(Required action) All that is needed is the lines from the one containing "FOTOGRAFÍA DE PARTE" through the end of the listing, printed exactly, with no pictures among them.

(Information provided)

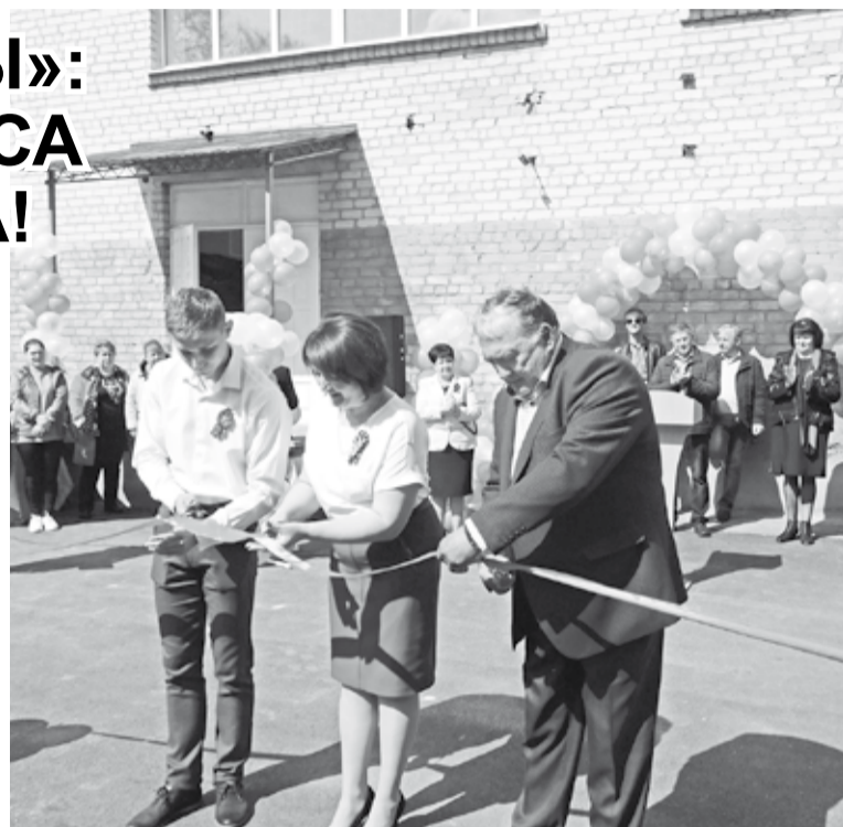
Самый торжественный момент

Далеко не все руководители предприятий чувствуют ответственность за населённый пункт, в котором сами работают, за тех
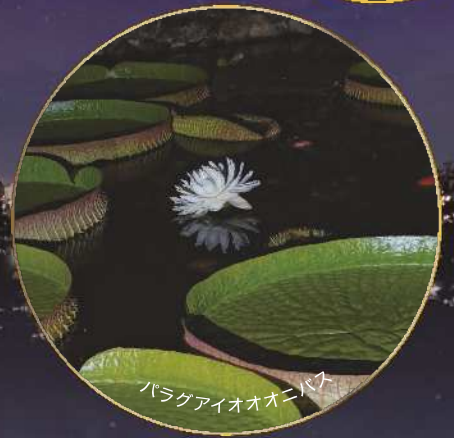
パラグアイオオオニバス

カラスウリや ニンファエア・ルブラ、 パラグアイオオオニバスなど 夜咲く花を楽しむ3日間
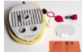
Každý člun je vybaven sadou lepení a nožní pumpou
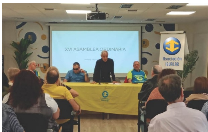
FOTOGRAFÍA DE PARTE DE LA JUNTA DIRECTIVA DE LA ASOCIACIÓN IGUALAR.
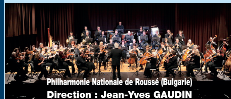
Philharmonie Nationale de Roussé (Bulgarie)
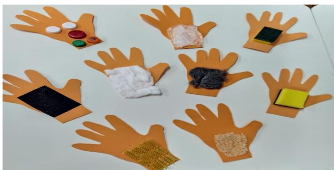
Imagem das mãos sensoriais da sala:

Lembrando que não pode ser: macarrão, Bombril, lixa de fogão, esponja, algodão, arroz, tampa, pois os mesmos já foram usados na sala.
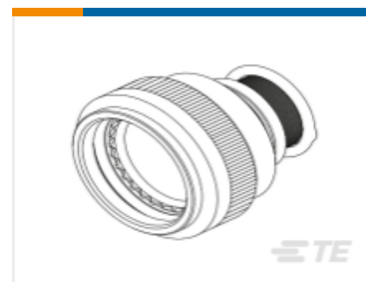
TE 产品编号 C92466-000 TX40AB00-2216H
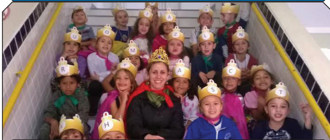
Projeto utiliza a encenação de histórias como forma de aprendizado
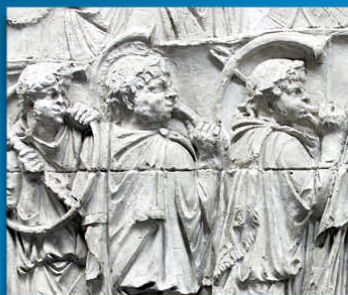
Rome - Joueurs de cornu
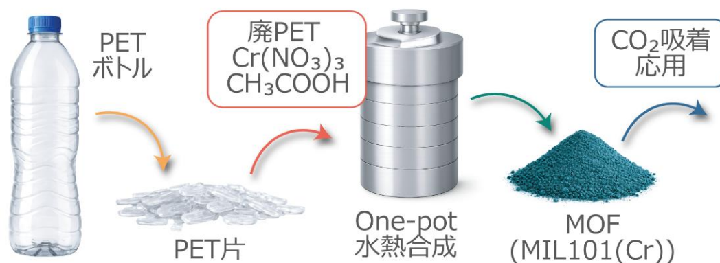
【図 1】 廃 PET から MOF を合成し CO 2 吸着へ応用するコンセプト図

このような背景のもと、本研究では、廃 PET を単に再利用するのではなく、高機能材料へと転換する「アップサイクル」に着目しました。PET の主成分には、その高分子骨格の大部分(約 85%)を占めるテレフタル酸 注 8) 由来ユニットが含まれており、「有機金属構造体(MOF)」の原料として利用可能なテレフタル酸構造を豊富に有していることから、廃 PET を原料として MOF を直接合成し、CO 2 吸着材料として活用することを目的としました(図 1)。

(Expected answer)
FOTOGRAFÍA DE PARTE DE LA JUNTA DIRECTIVA DE LA ASOCIACIÓN IGUALAR.
Philharmonie Nationale de Roussé (Bulgarie)
Imagem das mãos sensoriais da sala:

Lembrando que não pode ser: macarrão, Bombril, lixa de fogão, esponja, algodão, arroz, tampa, pois os mesmos já foram usados na sala.
TE 产品编号 C92466-000 TX40AB00-2216H
Projeto utiliza a encenação de histórias como forma de aprendizado
Rome - Joueurs de cornu
【図 1】 廃 PET から MOF を合成し CO 2 吸着へ応用するコンセプト図

このような背景のもと、本研究では、廃 PET を単に再利用するのではなく、高機能材料へと転換する「アップサイクル」に着目しました。PET の主成分には、その高分子骨格の大部分(約 85%)を占めるテレフタル酸 注 8) 由来ユニットが含まれており、「有機金属構造体(MOF)」の原料として利用可能なテレフタル酸構造を豊富に有していることから、廃 PET を原料として MOF を直接合成し、CO 2 吸着材料として活用することを目的としました(図 1)。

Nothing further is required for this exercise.